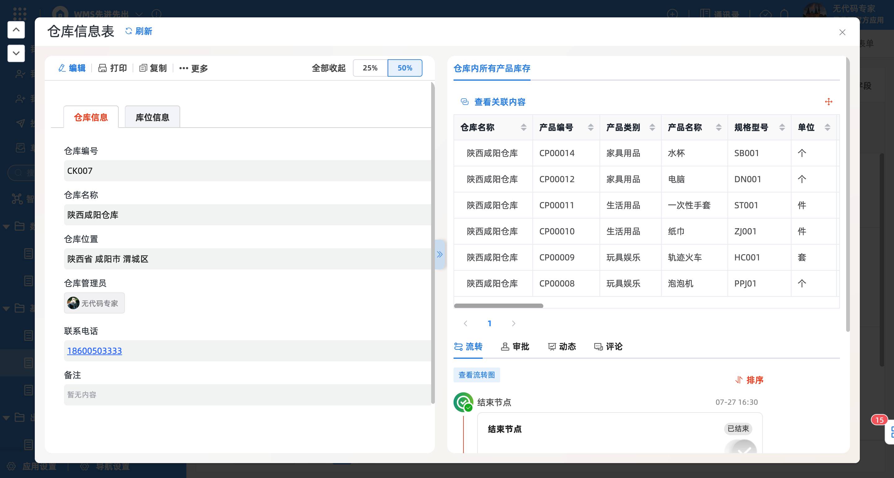 - 信息更新:人为手动更新或删除仓库信息表,系统自动同步更新或删除库位信息表。
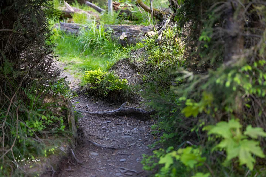 Puren Naturgenuss erleben Wanderer und Besucher auf dem 1000 Meter langen Kyrill-Pfad in dem kleinen Schmallenberger Dörfchen Schanze. Hier taucht man für kurze Zeit ab in eine ursprüngliche Natur. Ein schmaler Pfad schlängelt sich vorbei an wild gewachsenen Bäumen und Sträuchern und führt über entwurzelte und vermooste Baumstämme. Der Kyrill-Pfad ist einer von den 42 Seelenorten des Sauerlandes. Es ist ein Ort, wo man Vergänglichkeit und Neubeginn eines Waldes beobachten oder einfach nur für einen Moment innehalten und genießen kann.
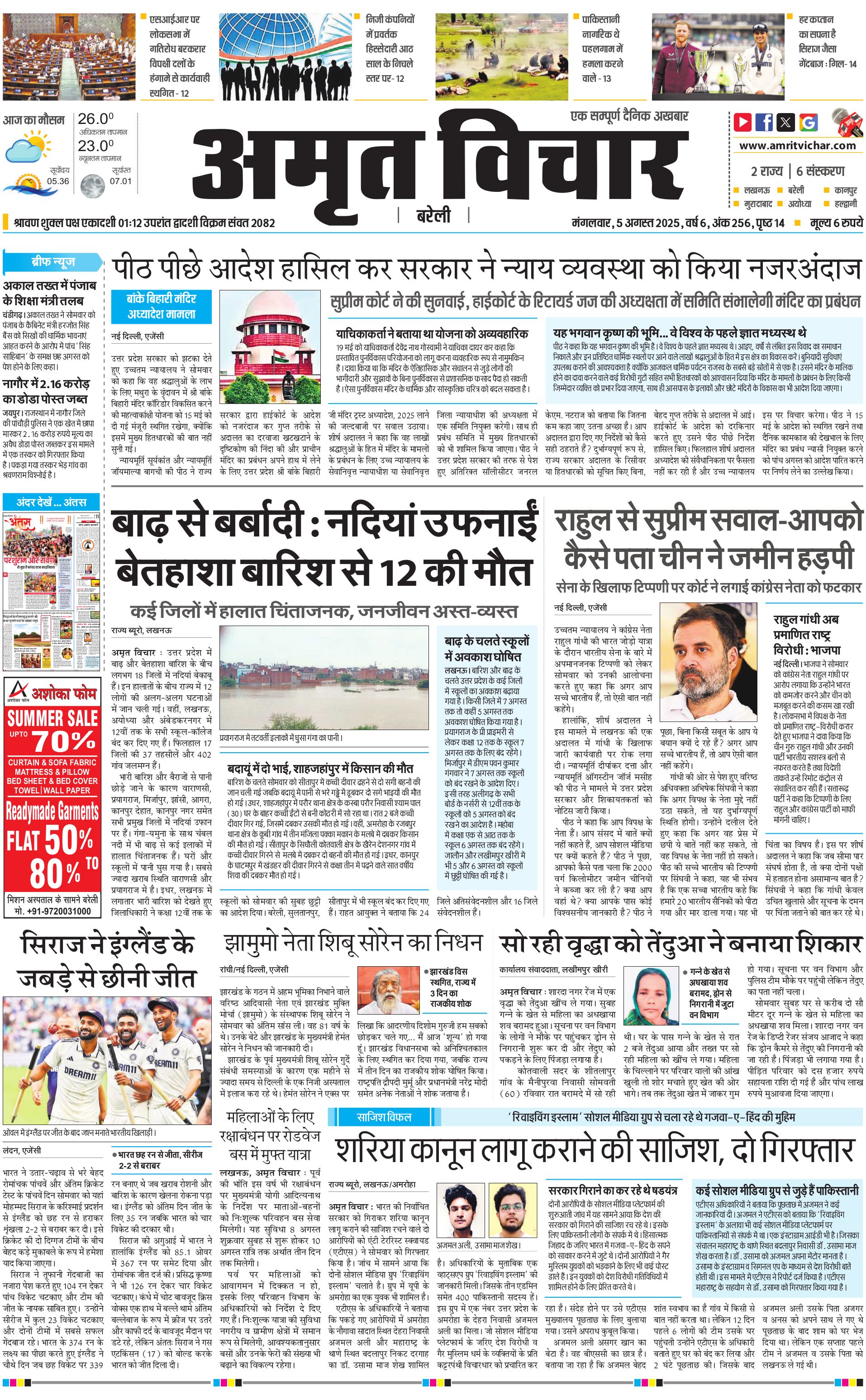 Pilibhit-Kheri - 05 Aug 2025 - - Page 1
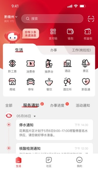 生活缴费:支持水电煤账单及燃气暖气的费用充值,让用户能够更加省心地享受智慧的生活体验。
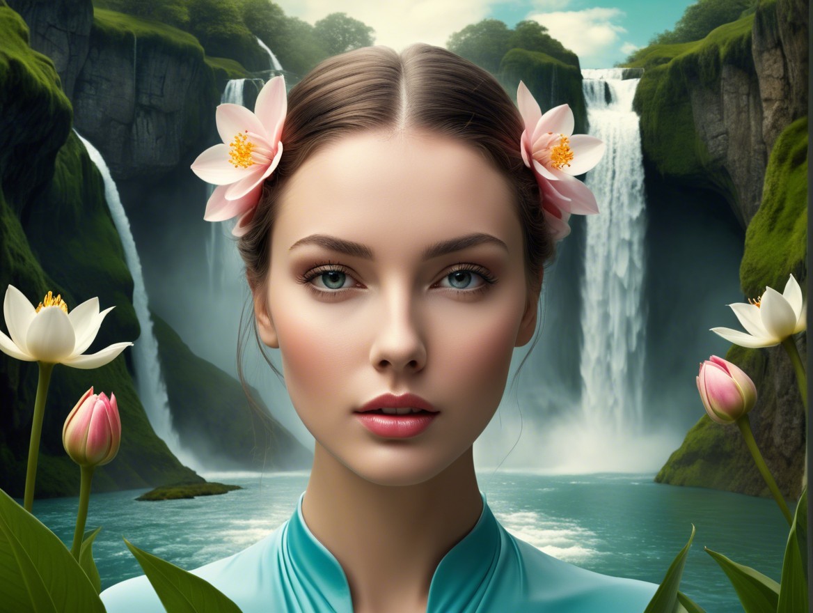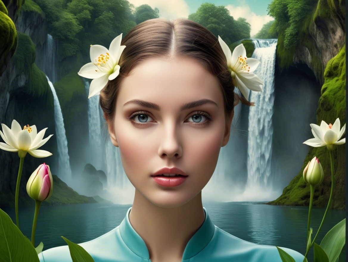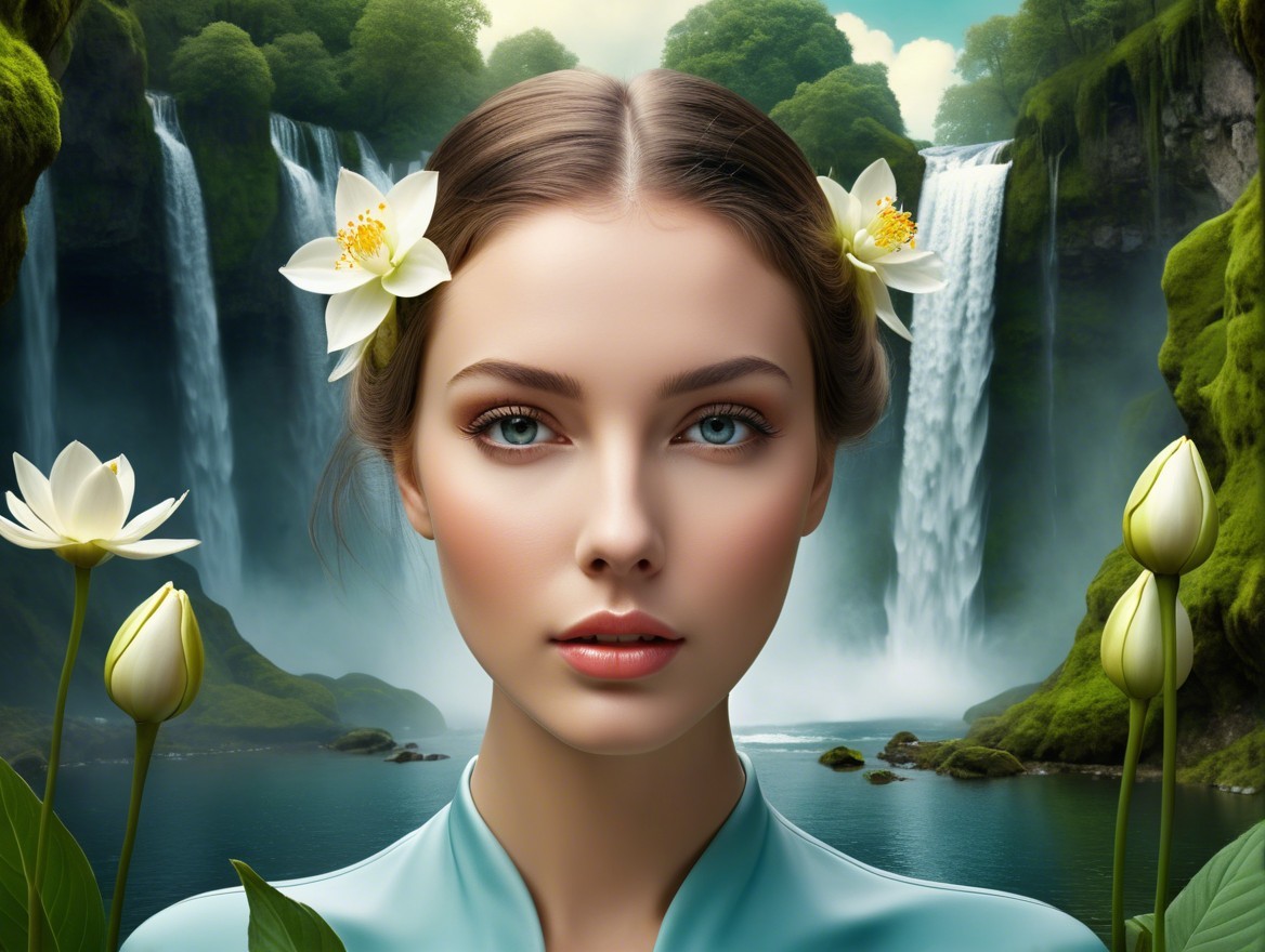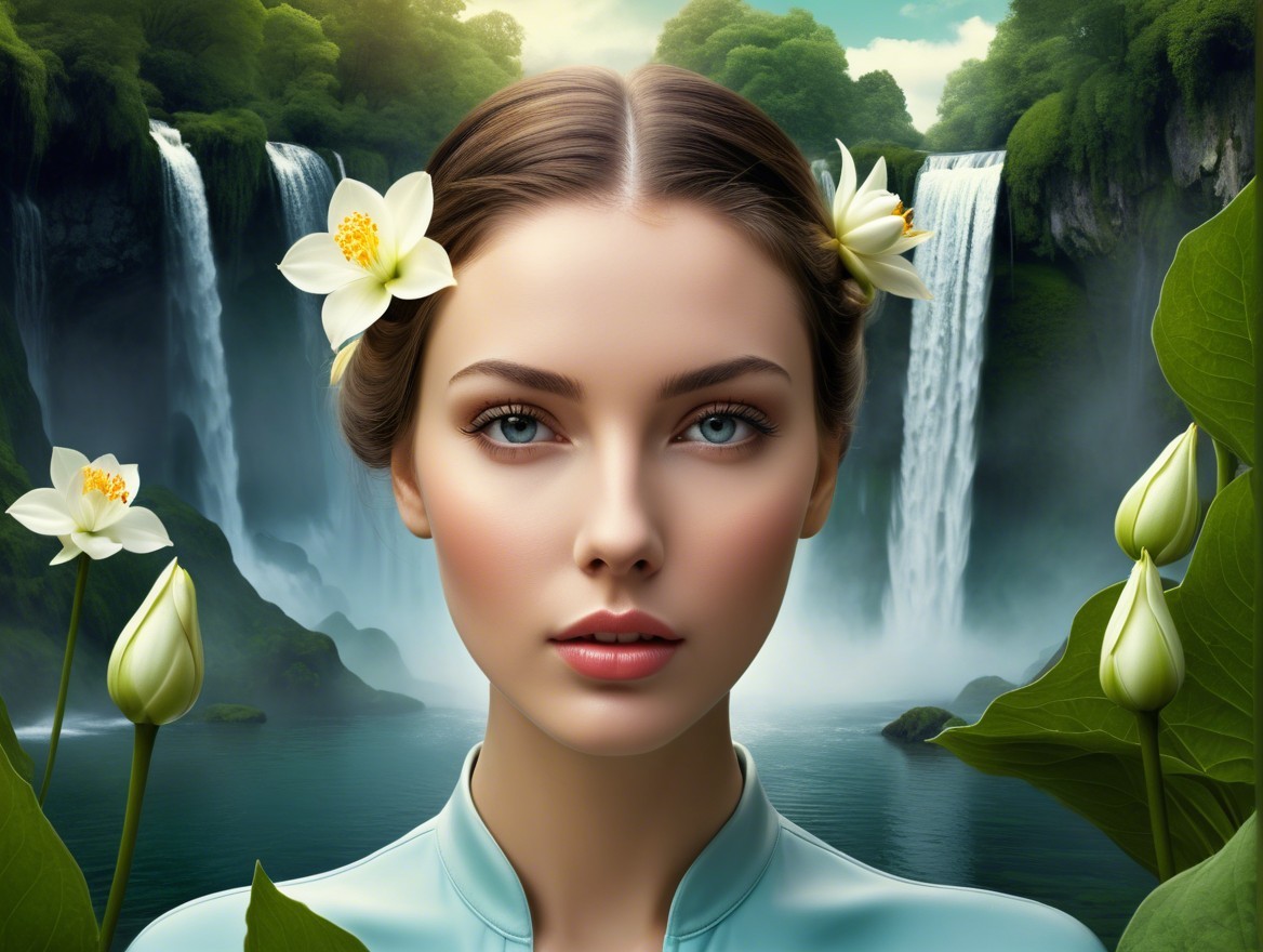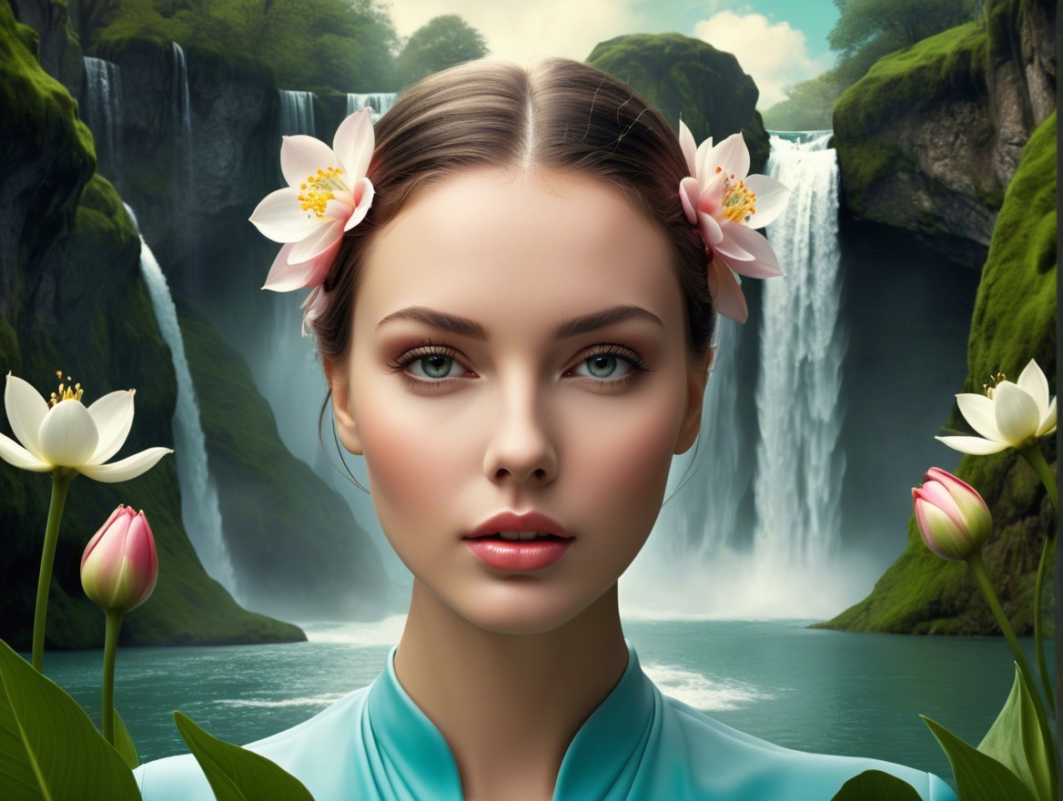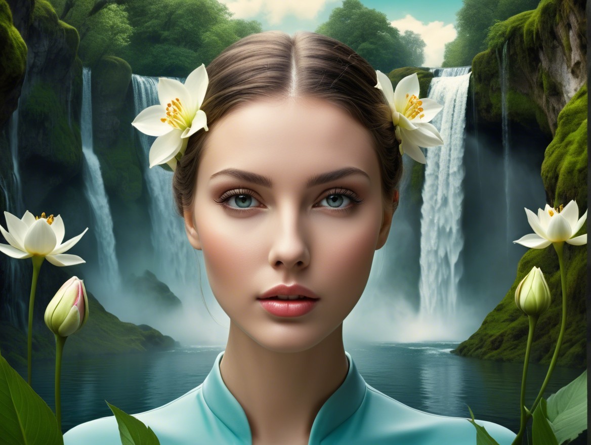 A serene woman with flowers in her hair gazes thoughtfully at the viewer. Lush greenery and cascading waterfalls create a tranquil natural backdrop, enhancing her ethereal beauty.
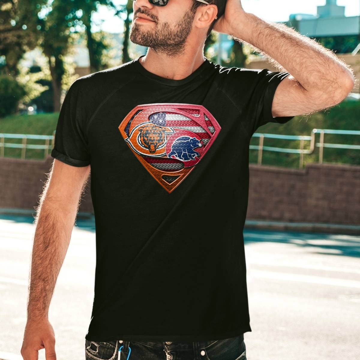 Show your love for both the Chicago Bears and the iconic Superman with this uniquely designed fan-made T-shirt. Perfect for die-hard fans and casual wear enthusiasts alike, this shirt features a striking American flag shield graphic that celebrates your favorite team in an unparalleled style. Ideal for game days, themed events, or everyday wear, this classic fit tee combines comfort and patriotism, making it a must-have addition to your wardrobe.

—————

(Problem) Write out exactly the lines from the line containing "A serene woman" through the last line of the listing above, please, and leave out any pictures.

(Answer space)
 A serene woman with flowers in her hair gazes thoughtfully at the viewer. Lush greenery and cascading waterfalls create a tranquil natural backdrop, enhancing her ethereal beauty.
 Show your love for both the Chicago Bears and the iconic Superman with this uniquely designed fan-made T-shirt. Perfect for die-hard fans and casual wear enthusiasts alike, this shirt features a striking American flag shield graphic that celebrates your favorite team in an unparalleled style. Ideal for game days, themed events, or everyday wear, this classic fit tee combines comfort and patriotism, making it a must-have addition to your wardrobe.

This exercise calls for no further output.